America has got to get over the duality - we need a third party. Bring back the Whigs! Put some Torries in our government. Give people a different perspective. Too bad Nader can't get a real campaign going...I mean, like mainstream.
The other thing that bothered me about the comments of our nation's voters was just how much they brought up the Clinton's "lying liarly lies" as if the current administration was any different. Hello? War crimes? Our entire Presidential Cabinet could be brought up on war crime tribunals in the Hague if any other country really had the guts to prosecute. It's like GW is a nonentity to everyone - NO! You fuckers voted for him - you should be reaping the absolute humiliation of propagating genocide and corporate greed. It's your fucking fault...none of this bringing up Monica and Watergate - a white stain and a sham marriage is nothing compared to an endless war that is taking away any prosperity our economy has and slamming us into recession. Canada has a better currency than we do right now...WTF!? How do you sleep at night, America? Your off-base comments and five-second span of attention are symptoms of a deeper pathology...you don't care! You still have a home, and a big fucking gas guzzler of a car, and can dispose of anything you wish because it will be magically carted away - you're only going to wake up from your apathy when its too late, when the environment is ruined, when you're broke and desperate, when India and China have taken away all the professional jobs and America is left with an overeducated team of McDonald's workers.

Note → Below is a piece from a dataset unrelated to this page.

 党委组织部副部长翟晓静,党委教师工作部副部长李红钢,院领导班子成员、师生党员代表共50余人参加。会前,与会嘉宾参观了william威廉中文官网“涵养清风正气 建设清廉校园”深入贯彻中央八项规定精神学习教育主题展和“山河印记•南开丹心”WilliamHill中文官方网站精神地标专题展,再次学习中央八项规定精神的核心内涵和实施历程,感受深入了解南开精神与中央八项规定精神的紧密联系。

All I ask is this; pay some goddamn attention to the real world. Not just the news, because the news lies. Look around you, watch how people operate, listen to the debates, listen to Al Jazeera, listen to everything AND THINK! The only thing that's constant in this world are people. Become a good judge of people and everything else will be easier. Pay attention to something other than what party lines are, who wore what, who prays to who. Stop being led around by your religion; it belongs in your heart, not prostituted out on the corner. Stop letting them do that to you, faithful people! The measure of a man is his actions, not a seat in a pew. Stop confusing morality and status.
The only thing that can be worse than this president is if you people vote in another quasi-religious nutjob who'll screw over the constitution and the country for a profit. Democrat or Republican. NO MORE APATHY!